Section 4.Activities
 
Each Chapter organization shall be encouraged to expand the membership of the Chapter and to
develop educational activities and such other activities as is consistent with the Articles of
Incorporation and these Bylaws.
 
Section 5.Responsibilities of the Chapter President
 
a.Represent the Chapter from which elected.
 
b.Submit a written report with three copies at each Board of Directors meeting, relating to
the activities in the Chapter.
 
c.Carry out the duties and responsibilities as detailed in the Chapter Handbook.
 
Section 6.Chapter Admission Requirements
 
a.Ten or more Active Members of the Society meeting the requirements for affiliation may
become a Chapter of the Society upon approval of the Chapter Affairs Committee, subject to
ratification by the Board of Directors of the Society. Members of Chapters must be members of
the State Society.
 
b.The formal application shall be sent to the Society's office and shall consist of a list of
officers, membership, minutes of the organizational meeting, Chapter Bylaws, geographical
location (by parishes) and a letter requesting approval of the proposed Medical Advisor.
 
c.Active Chapters are defined geographically in Article XII, Section 1. In addition, an
active chapter must maintain no less than twenty (20) active members and must submit to the
Nominations Committee no less than two (2) candidates for Chapter President.
 
Section 7.Duties
 
a.Two copies of the minutes of the governing body and business meetings of the Chapter
shall be sent to the Society's Board of Directors within ten (10) days following the meeting: One
copy shall be forwarded to the Society Secretary, the other to the Chairperson, Chapter Affairs
Committee.
 
b.The names and addresses of Officers and Medical Advisor shall be sent to the Society's
office within ten (10) days following the meeting.
 
Section 8.Dissolution of Chapter
 
a.Any chapter which no longer wants to maintain its separate identity may petition to
dissolve by simply failing to place into nomination potential president of that chapter.
 
b.The boundaries of that chapter shall then be incorporated into a neighboring chapter as
determined by the Board of Directors and consent of the neighboring chapter.
 
 
                                    
                                         ARTICLE XIII
                               SOCIETY MEDICAL ADVISOR
 
 
The Society shall have at least one (1) Medical Advisor who shall conform to Article X, Section
3
of the AARC Bylaws. Each Chapter shall have at least one (1) Medical Advisor. Together, they
shall form a Board of Medical Advisors of which the Society Medical Advisor shall be
Chairperson.
 
 
                                      ARTICLE XIV
                                      FISCAL YEAR
 
 
The fiscal year of this Society shall be from January 1 through December 31.
 
 
                                      ARTICLE XV
                                DUES AND ASSESSMENTS
 
 
Section 1.Active, Associate Members Employed Within the Society's Boundaries
 
Society dues shall be considered paid in full upon payment of AARC dues. Compliance with
Article III, Section 7, paragraph a, of the AARC Bylaws is required for Society membership.
 
Section 2.Active, Associate Members Not Employed Within the Society's Boundaries.

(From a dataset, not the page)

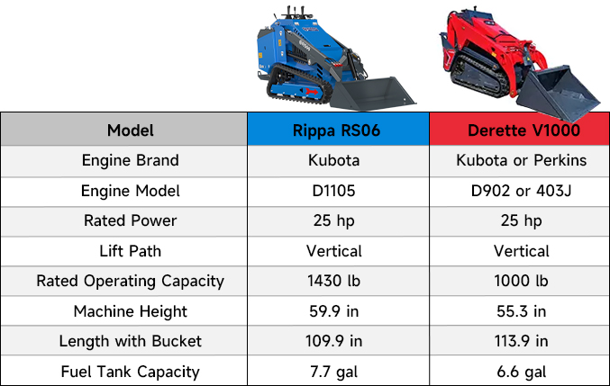 When choosing a high-performance mini loader, every detail matters — from lifting capacity to fuel efficiency. Today we compare the powerful Rippa RS06 skid steer loader with the Derette V1000 to help buyers choose the most efficient compact track loader for demanding jobs in construction, landscaping, or agriculture.

a. This is considered a separate state membership, in which does not qualify these members to
vote for the AARC Delegation.
 
Annual Society dues for each category of membership other than Honorary and Life shall be
determined for the following year by the Board of Directors after consideration of the budget.
 
Section 3.Assessments
 
The Society shall retain the right to assess fees if it is necessary to carry on local activities. The
amount of this fee will be set by the Board of Directors yearly as needed.
 
 
                                      ARTICLE XVI
                                        ETHICS
 
 
If the conduct of any Society member shall appear, by report of the Society or the AARC
Judicial
Committee, to be in willful violation of the Bylaws or standing rules of this Society or the
AARC,
or prejudicial to this Society's interests as defined in the AARC Code of Ethics, the Board of
Directors may, by a two-thirds  vote of its entire membership, suspend or expel such a member. 
A motion to reconsider the suspension or expulsion of a member may be made at the next regular
meeting of the Board of Directors. All such suspension or expulsion actions shall be reported
immediately to the AARC Judicial Committee.
 
 
                                      ARTICLE XVII
                              PARLIAMENTARY PROCEDURE
 
 
The rules contained in Robert's Rules of Order Revised shall govern whenever they are not in
conflict with the Bylaws of the Society or the AARC.
 
 

 
 
                                     ARTICLE XVIII
                                     AMENDMENTS
 
 
These Bylaws may be amended at any regular or called meeting or by mail vote of the Louisiana
Society of the AARC by a two-thirds  majority of those voting, provided that the amendment
has been presented  or posted on website to the membership in writing at least sixty (60) days
prior to vote. All amendments must be approved by the AARC Bylaws Committee and shall
become effective upon ratification by the AARC Board of Directors.
 
 
 
 
 
 
 
 
 
 
 
 
 
 
 
 
NOT PART OF BYLAWS
 
Intent and Summary of Changes…..before I put back in pres-elect
 
 
     Intent 
 
1. to go to a every other year election
2. to put some of the language that specify dates into rules
3.To allow chapter boundaries to change via the rules
 
Rational
 
To allow BOD members to stay in office for two years, and allow elections to take place every two years,
following the example of the AARC.
To allow the state chapters to be easliy redesigned after a shift in population such as what we
experanced after the 05 hurricane season.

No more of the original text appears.